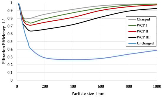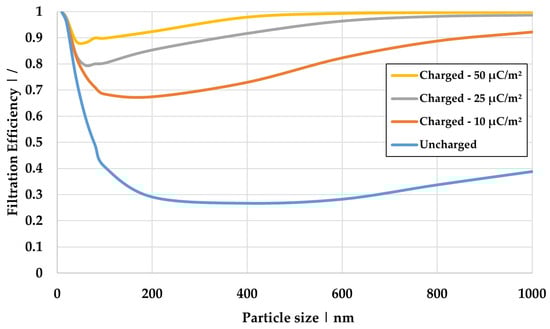 Figure 13 presents the calculated filtration efficiency for the charged (dry case), uncharged (absence of an electric field), and the three scenarios, where water is present at fiber contact points. The data correspond to a surface charge density of 25 µC/m2 and cover the particle size range of 10 to 1000 nm.
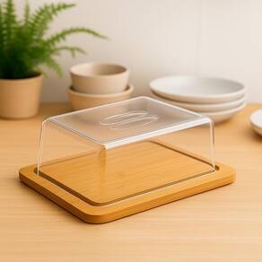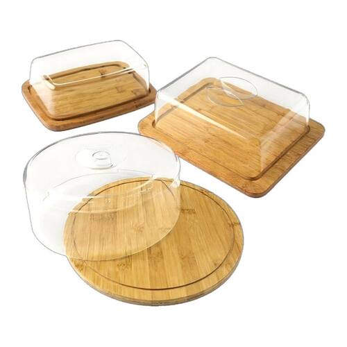 Kit Boleira + Porta Frios + Manteigueira Bambu Acrílico Pote
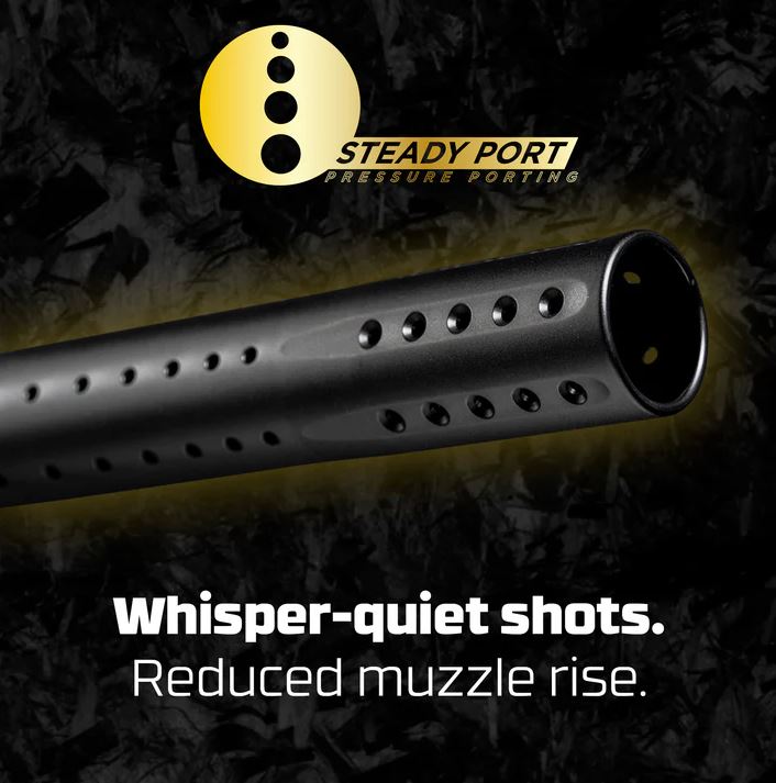 DYE’s signature porting pattern delivers whisper-quiet performance and reduces muzzle rise for a flatter, more controlled shot string.
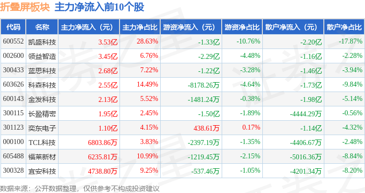 从资金流向上来看,当日折叠屏板块主力资金净流入565.38万元,游资资金净流出7.65亿元,散户资金净流入7.6亿元。折叠屏板块个股资金流向见下表:
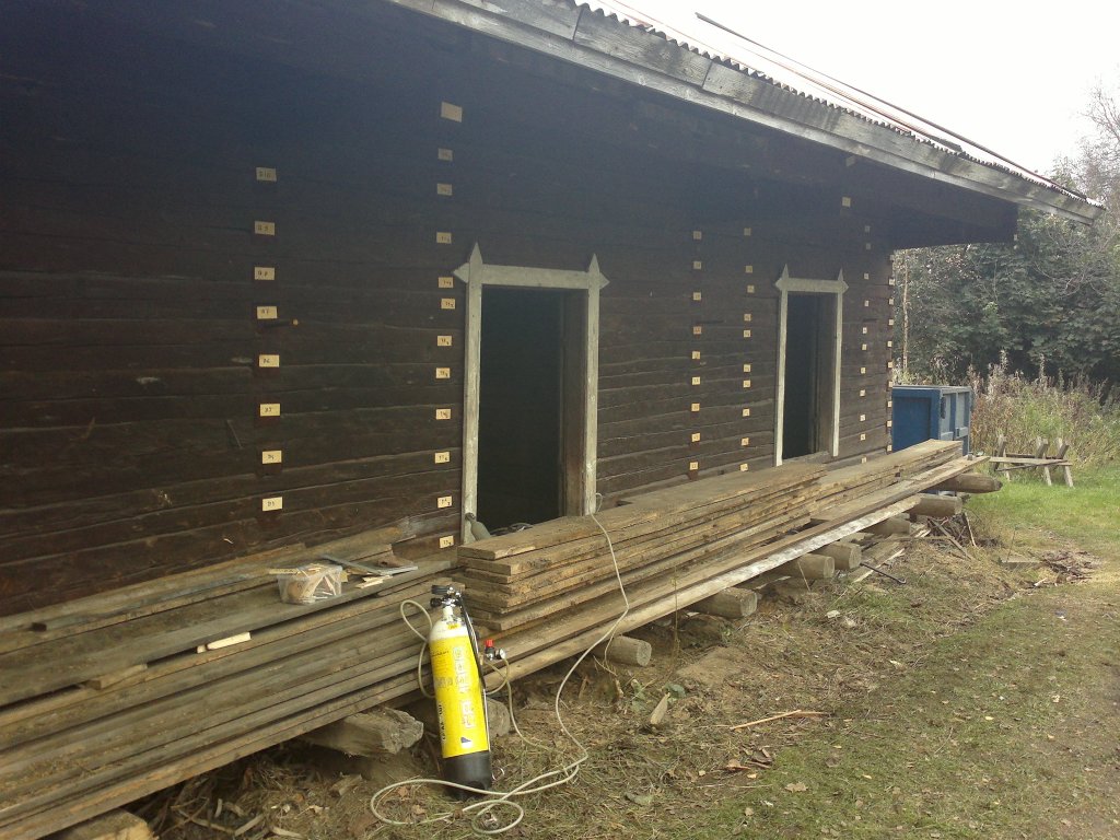 Vanha aitta on purkuvalmiina. Jokainen seinä ja nurkka on mitattu ja kuvattu sekä jokaista lattialankkua ja hirttä myöten merkattu ja luetteloitu kuntomerkintöineen hirsikarttaan.

• WORK INSTRUCTION: Leave out the pictures and give the rest of the material again, unaltered.

• OUTPUT BELOW:
 Figure 13 presents the calculated filtration efficiency for the charged (dry case), uncharged (absence of an electric field), and the three scenarios, where water is present at fiber contact points. The data correspond to a surface charge density of 25 µC/m2 and cover the particle size range of 10 to 1000 nm.
 Kit Boleira + Porta Frios + Manteigueira Bambu Acrílico Pote
 DYE’s signature porting pattern delivers whisper-quiet performance and reduces muzzle rise for a flatter, more controlled shot string.
 从资金流向上来看,当日折叠屏板块主力资金净流入565.38万元,游资资金净流出7.65亿元,散户资金净流入7.6亿元。折叠屏板块个股资金流向见下表:
 Vanha aitta on purkuvalmiina. Jokainen seinä ja nurkka on mitattu ja kuvattu sekä jokaista lattialankkua ja hirttä myöten merkattu ja luetteloitu kuntomerkintöineen hirsikarttaan.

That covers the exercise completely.